Even if people had dared to hope the NFL would at acknowledge the issue of brain injury, as a spokesman did in 2009 in comments to the New York Times, never in their wildest dreams did they think it would evolve into this. Miller isn’t a team doctor or some random league spokesman. He’s the NFL’s top health and safety executive, and he didn’t parse his words.

But if you’re inclined to believe, or worry, that this moment spells trouble — or even the beginning of the end — for the NFL, then think again. Far from dooming the NFL, Miller’s statements may ultimately end up saving it.

The NFL is a multi-billion-dollar business for a reason: it’s insanely popular, and that’s not likely to change anytime soon.

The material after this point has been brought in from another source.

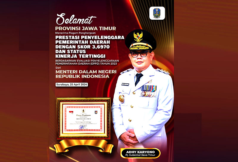 JATIMPOS.CO//SURABAYA- Pemerintah Provinsi Jawa Timur menerima Piagam Penghargaan Prestasi Pemerintah Daerah di Upacara Peringatan Hari Otonomi Daerah ke 28 yang diselenggarakan di Taman Surya Balai Kota Surabaya, Kamis (25/4).

Indeed, in 2015 football remained America’s fastest-growing sport for young players, according to a survey of 30,000 children and teenagers led by Sports Marketing Surveys USA.

Last year, according to the survey, the number of participants in flag and tackle football grew by an average, combined 11.8 percent across all age groups. The only other sport, out of 102 included in the survey, where participation grew was baseball, which posted an average 2.2 percent increase.

That’s obviously great news for football, but buried in that data is a surprising nuance: the engine driving football’s growth in 2015 wasn’t tackle football, but flag football. Among children ages 6 to 14, participation growth in flag football — 8.7 percent— wildly outpaced that of tackle football — 1.9 percent. The same is true of the 15 to 18 age group: flag football participation grew 10.5 percent, while tackle grew 2.5 percent.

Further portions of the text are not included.